Two-step push: accelerating Git LFS migration for big repositories

December 16, 2020 (update: December 21, 2020) git gitlab

Not interested in explanations? Fast travel to the tl;dr 🚀

I recently had to migrate several Git repositories from one GitLab instance to another. The new instance had stricter requirements, notably a max size of 1 GB, and one repo in particular was not making the cut, clocking in at 1.5 GB bare total size (du -sh .) for 700K Git objects (git rev-list --objects --all | wc -l) on a fresh git clone --mirror.

There are two main ways to reduce repository size:

Filter Git history and prune undesirable objects (files committed by mistake, old objects that will never be needed again, etc.).
Migrate big blobs to Git LFS (will not count in Git objects size, since they are on external storage).

At the time of writing, the best tools for the job are:

git-filter-repo for analysis and filtering (as recommended by the Git documentation and the GitLab documentation).
git lfs migrate for LFS migration (as recommended by the Git LFS documentation).

Note: if you look around, you’ll probably find mentions of BFG Repo-Cleaner. I recommend not to use it, cf. below for more details.

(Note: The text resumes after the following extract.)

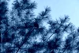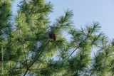 Green branches White pine Pinus with long needles and single brown cone, set against soft blue sky, creating natural and refreshing outdoor scene.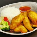 7 innbakte kyllingbiter, serveres med grønnsaker, ris og sweetchili saus.

Both methods were used to reduce the size of this specific repo. I’ll quickly go over both steps in order to focus on an issue where the first git push after an LFS migration on a big repository may take several hours or days to complete, seemingly stuck while uploading LFS objects.

History filtering

git-filter-repo --analyze # identify filtering candidates
git-filter-repo --strip-blobs-bigger-than 5M --path some-existing-dir/ --path some-deleted-dir/ --invert-paths

After analysis, I determined all blobs bigger than 5 MB could be safely filtered, as well as a number of directories (both existing and deleted ones). The repo was now 900 MB. Not bad! But still a bit too close to 1 GB for my taste.

Git LFS migration

git lfs info --top=25 # identify LFS candidates
git lfs migrate import --everything --include="*.ext1,*.ext2"

After analysis, I selected a number of binary file extensions to be converted to LFS. Around 2600 objects were converted (find lfs/objects/ -type f | wc -l) for a total of 800 MB. Great! That meant the regular Git objects were now accounting for only around 100 MB of repo size, with the rest of the bulk as LFS objects.

Note: if this is your first LFS migration, you may want to read below about Git filters case sensitivity and cleaning up after a LFS migration.

The issue

The next step consisted in pushing the filtered and LFS migrated history to a remote. At first it looked fine:

$ git push
Uploading LFS objects: 100% (2312/2312), 765 MB | 4.6 MB/s

…but then it stayed stuck there, at “100%”.

Note: this behavior is independent of the tool used: I experienced it with both BFG (deprecated) and git lfs migrate. The issue lies with the LFS blobs themselves, and not the tools used to obtain them.

Analysis

ps aux was showing that git-lfs was working full throttle, and watching closely, I could indeed see the number of objects ramping up from time to time (i.e. would go to 2312/2315 and then 2315/2315 after a few seconds). At this point, my hypothesis was that the operation was not stuck, but actually working its way through LFS blobs, albeit in a seemingly very slow manner.

Googling around did not help much: people with issues at the Uploading step seem to be mostly suffering from network bottlenecks, either due to bandwidth constraints or huge file sizes, but this was not my case.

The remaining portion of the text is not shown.